=== Dataset extract ===

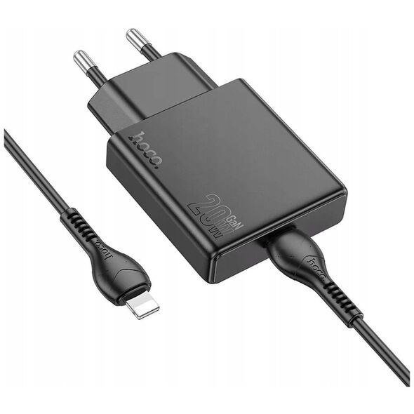 Φορτιστής τοίχου για τηλέφωνο Hoco Slim USB C QC PD 30W + καλώδιο USB C σε Lightning N37 μαύρο
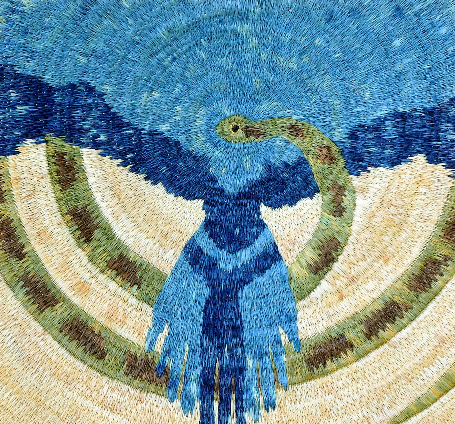 Pattern: The uroboros is an ancient symbol of wholeness portrayed by the circular image of a serpent with its tail in its mouth. The pattern of the basket represents my visualization of the uroboric Mother, one of the manifestations of the archetype of the Great Mother. The uroboric Mother functions as male and female, and above and below. She is symbolized in her spiritual aspect as a bird and in her earthly aspect as a serpent.
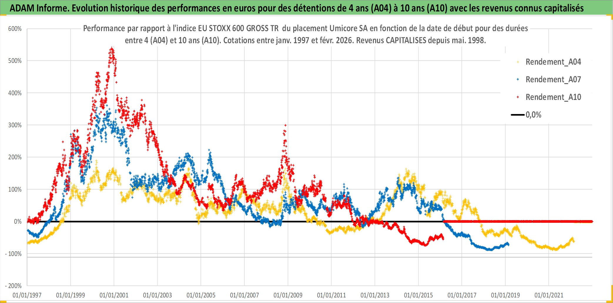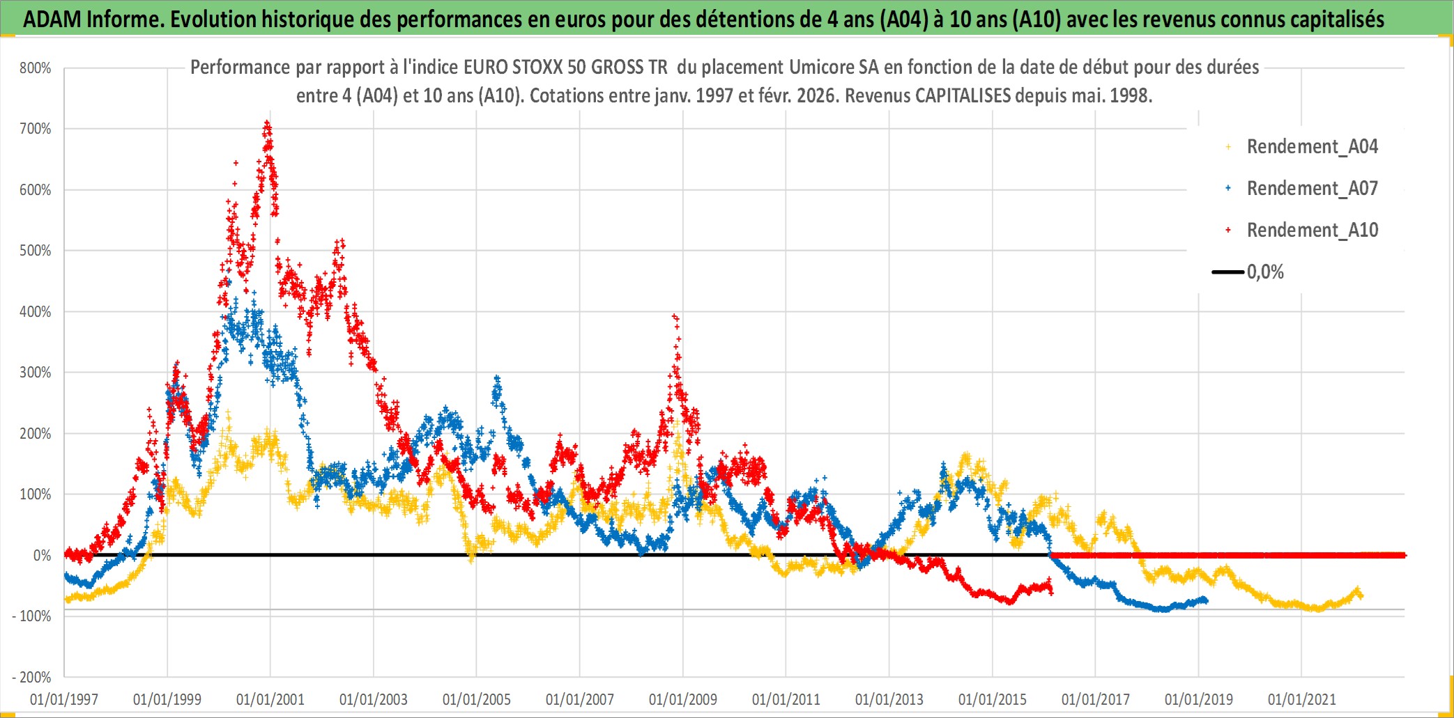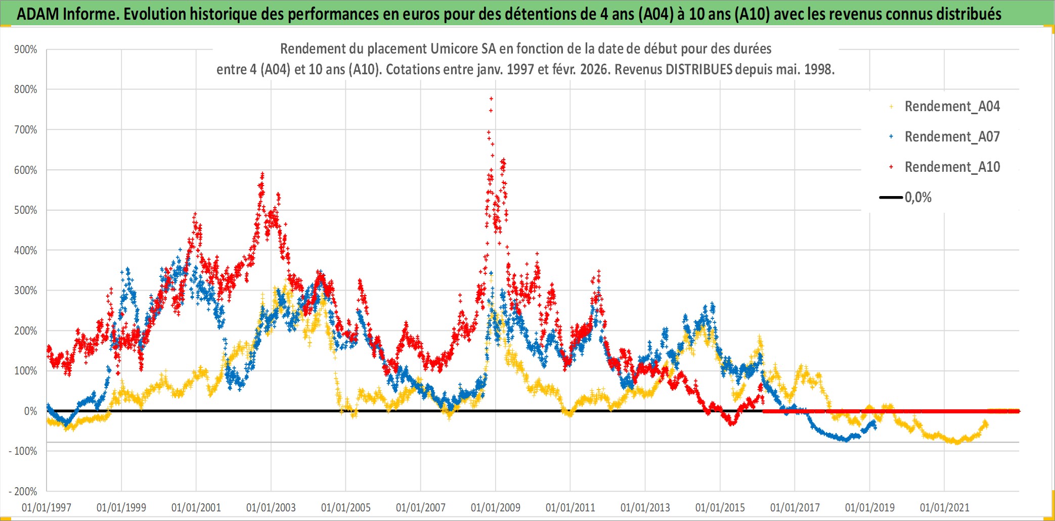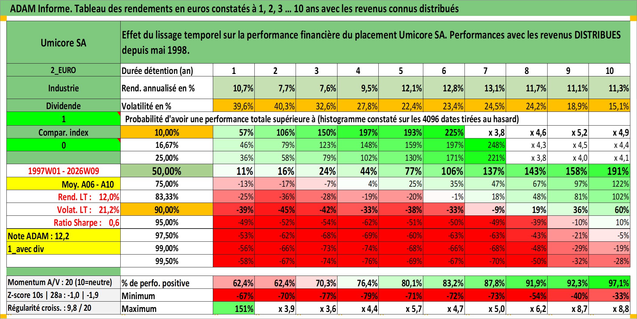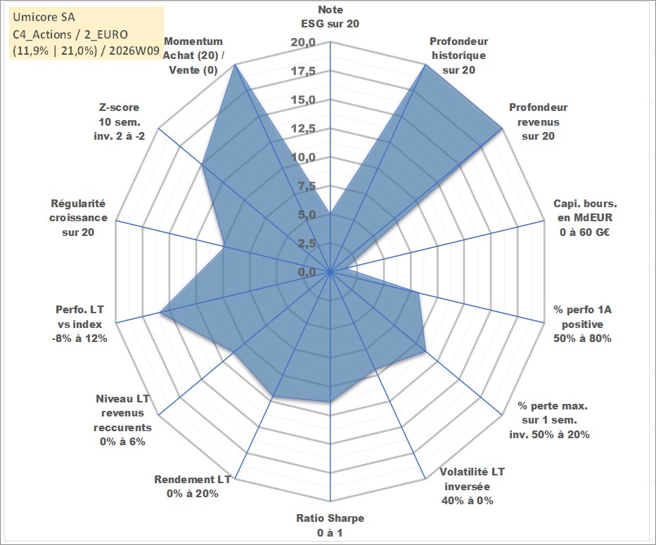Site dédié aux investisseursPage dédiée sur site financeAnalyse des valorisations hebdomadaires de l'action Umicore SA. Cet actif est cote en EUR. Les valorisations couvrent les semaines 1997W01 a 2026W09. Les revenus de cet actif financier sont pris en compte depuis la semaine 1998W22. La note globale ESG de cet actif est estimee a 5.0 (apres rebasage entre 0 et 20).
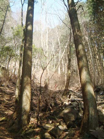 やっと春らしい暖かい高気圧に覆われた好日。朝9時30分に出たけど時間的に明神山あたりにしか行けそうにない。また大峠や白鳥山ではもの足りない気がした。 ここの急登に比べれば鬼岩乗越から六合目に登る途中の胸突八丁は子供の滑り台のような物。上方に馬の背岩辺りを見上げながらゆっくり休まず歩を繰り返し思ったより早く中道からのコースに出会ってしまった、ちょっとがっかり。更に急登を少し繰り返すと山頂からの鞍部に出る。 |
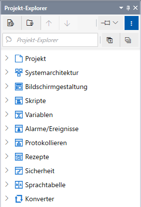 Navigieren Sie im [Projekt-Explorer] durch Projektbereiche wie Bildschirme, Variablen, Alarme, Zieleinstellungen, Geräte usw.
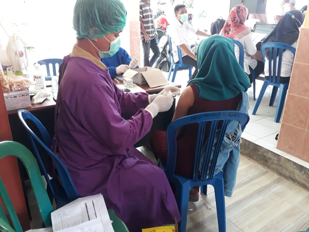 Sebelum melaksanakan suntik vaksin terdapat prosedur yang harus dilaksanakan yaitu Sebelum dilakukan penyuntikan Vaksin dilakukan pendataan penerima Vaksin, Selanjutnya dilakukan pemeriksaan fisik penerima Vaksin meliputi : Tensi, suhu badan, berat badan dan gula darah, Dilaksanakan Vaksinasi oleh Petugas Vaksinator bila penerima Vaksin telah melalui poin 1 dan 2 diatas dan Dilakukan pencatatan dan pelaporan untuk Input data melalui online dan pemberian kartu Vaksin kepada penerima Vaksin.
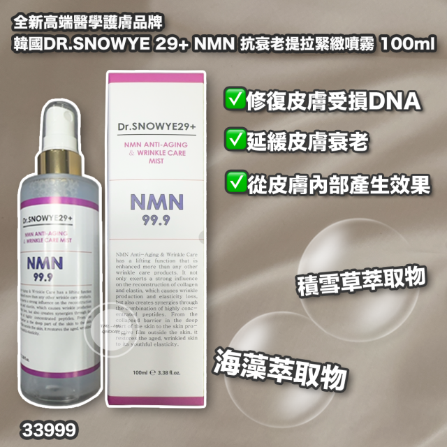 韓國DR.SNOWYE 29+ NMN ANTI-AGING & WRINKLE CARE MIST 抗衰老提拉緊緻噴霧 100ml【15/7截單 | 預計8月中至尾到貨 | 20250710(33999.)】
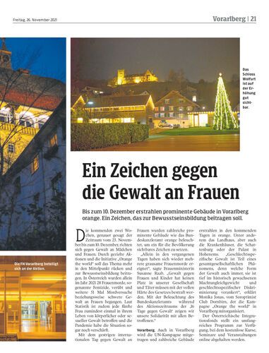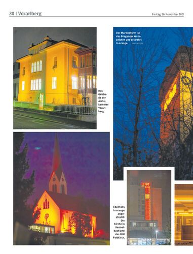 Bis zum 10. Dezember erstrahlen prominente Gebäude in Vorarlberg orange. Ein Zeichen, das zur Bewusstseinsbildung beitragen soll.
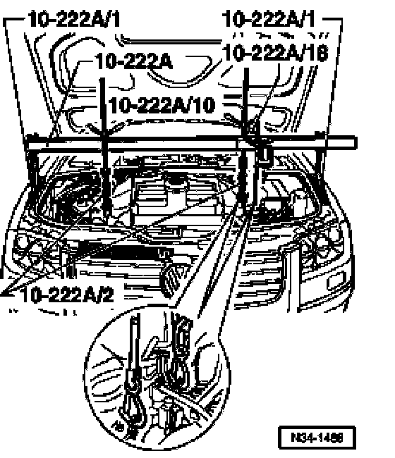 - Secure third spindle 10-222 A/10 with additional hook 10-222 A/2 on lifting eye at rear left of engine.
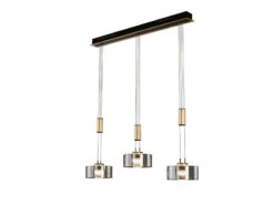 Fischer & Honsel LED Pendelleuchte LAVIN 3flammig Rauchglas Gold Höhenverstellbar Dimmbar, 100cm
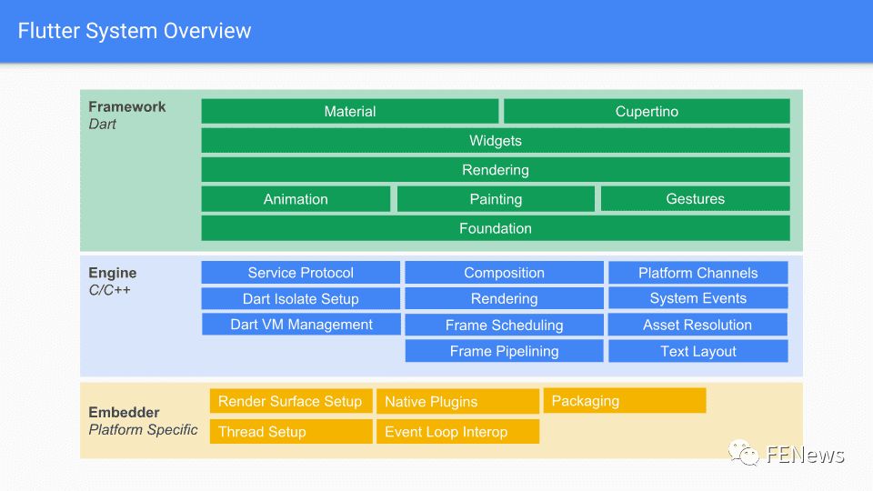 Skia:(渲染/GPU 后台), 它在Android和Fuchsia上使用FreeType进行字体渲染,在iOS上使用CoreGraphics进行字体渲染。
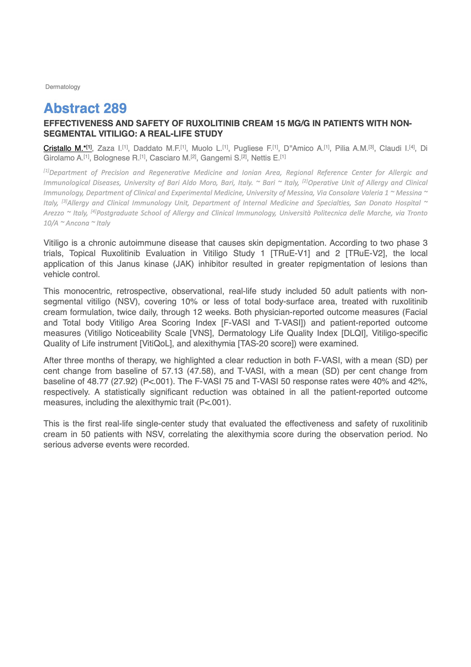 EFFECTIVENESS AND SAFETY OF RUXOLITINIB CREAM 15 MG/G IN PATIENTS WITH NON-SEGMENTAL VITILIGO: A REAL-LIFE STUDY
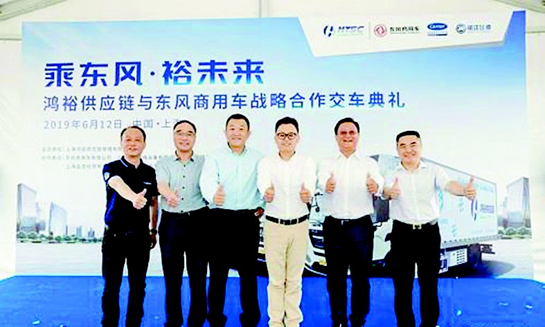 本报讯 6月12日,以“乘东风·裕未来”为主题的鸿裕供应链与东风商用车战略合作交车庆典在鸿裕供应链位于上海闵行的物流中心举行。上海鸿裕供应链管理有限公司总经理彭博携全体员工、东风商用车有限公司营销公司副总郑洪波、开利运输冷冻(中国)大中国区总经理高戈、中国物流与采购联合会医药物流分会执行副会长秦玉鸣、镇江飞驰汽车集团有限责任公司总经理黄俊以及相关部门领导出席了本次庆典。
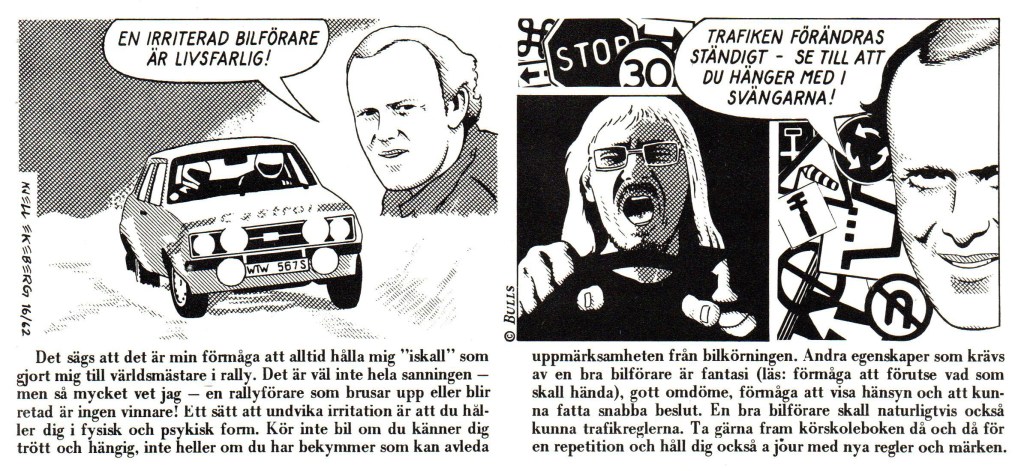 Nästa teckningsuppdrag till Bulls Presstjänst var en instruktionsserie om bilkörning med Björn Waldegård. Han hade blivit världsmästare i rally och han skrev texterna. Motor med Waldegård publicerades även den i många länder runt om i världen.
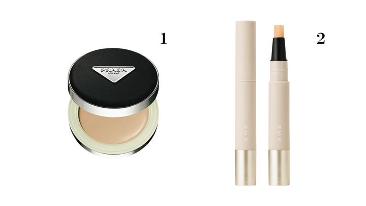 1.プラダ メッシュ クッション LN10 SPF50+・PA+++ ¥11,330 2.RMK コレクティング ヴェール コンシーラー 01 SPF17・PA++ ¥4,400(3/7発売)
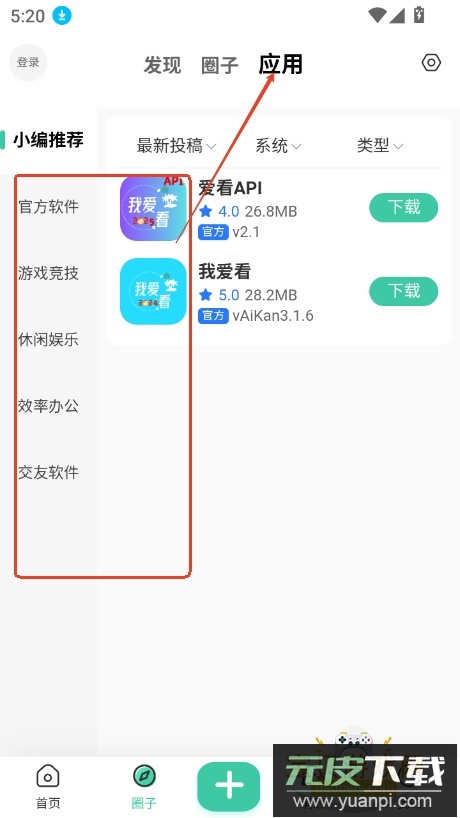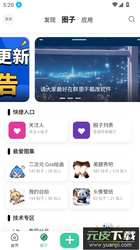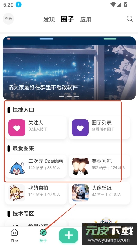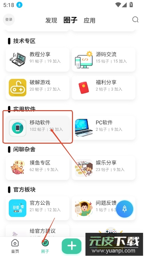 2、进入圈子板块,能发现各类有趣的圈子或实用应用;
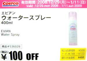 エビアンのウォータースプレーです。クーポンで安くなっていたのもあり、お試しで購入です。これを書いているのは2009年1月9日です。

===

What the task requires:
Give again, unchanged, only the lines from the line containing "韓國DR.SNOWYE 29+ NMN" to the last line of the records above. Pictures do not belong in the copy.

Exercise result:
 韓國DR.SNOWYE 29+ NMN ANTI-AGING & WRINKLE CARE MIST 抗衰老提拉緊緻噴霧 100ml【15/7截單 | 預計8月中至尾到貨 | 20250710(33999.)】
 Bis zum 10. Dezember erstrahlen prominente Gebäude in Vorarlberg orange. Ein Zeichen, das zur Bewusstseinsbildung beitragen soll.
 - Secure third spindle 10-222 A/10 with additional hook 10-222 A/2 on lifting eye at rear left of engine.
 Fischer & Honsel LED Pendelleuchte LAVIN 3flammig Rauchglas Gold Höhenverstellbar Dimmbar, 100cm
 Skia:(渲染/GPU 后台), 它在Android和Fuchsia上使用FreeType进行字体渲染,在iOS上使用CoreGraphics进行字体渲染。
 EFFECTIVENESS AND SAFETY OF RUXOLITINIB CREAM 15 MG/G IN PATIENTS WITH NON-SEGMENTAL VITILIGO: A REAL-LIFE STUDY
 本报讯 6月12日,以“乘东风·裕未来”为主题的鸿裕供应链与东风商用车战略合作交车庆典在鸿裕供应链位于上海闵行的物流中心举行。上海鸿裕供应链管理有限公司总经理彭博携全体员工、东风商用车有限公司营销公司副总郑洪波、开利运输冷冻(中国)大中国区总经理高戈、中国物流与采购联合会医药物流分会执行副会长秦玉鸣、镇江飞驰汽车集团有限责任公司总经理黄俊以及相关部门领导出席了本次庆典。
 Nästa teckningsuppdrag till Bulls Presstjänst var en instruktionsserie om bilkörning med Björn Waldegård. Han hade blivit världsmästare i rally och han skrev texterna. Motor med Waldegård publicerades även den i många länder runt om i världen.
 1.プラダ メッシュ クッション LN10 SPF50+・PA+++ ¥11,330 2.RMK コレクティング ヴェール コンシーラー 01 SPF17・PA++ ¥4,400(3/7発売)
 2、进入圈子板块,能发现各类有趣的圈子或实用应用;
 エビアンのウォータースプレーです。クーポンで安くなっていたのもあり、お試しで購入です。これを書いているのは2009年1月9日です。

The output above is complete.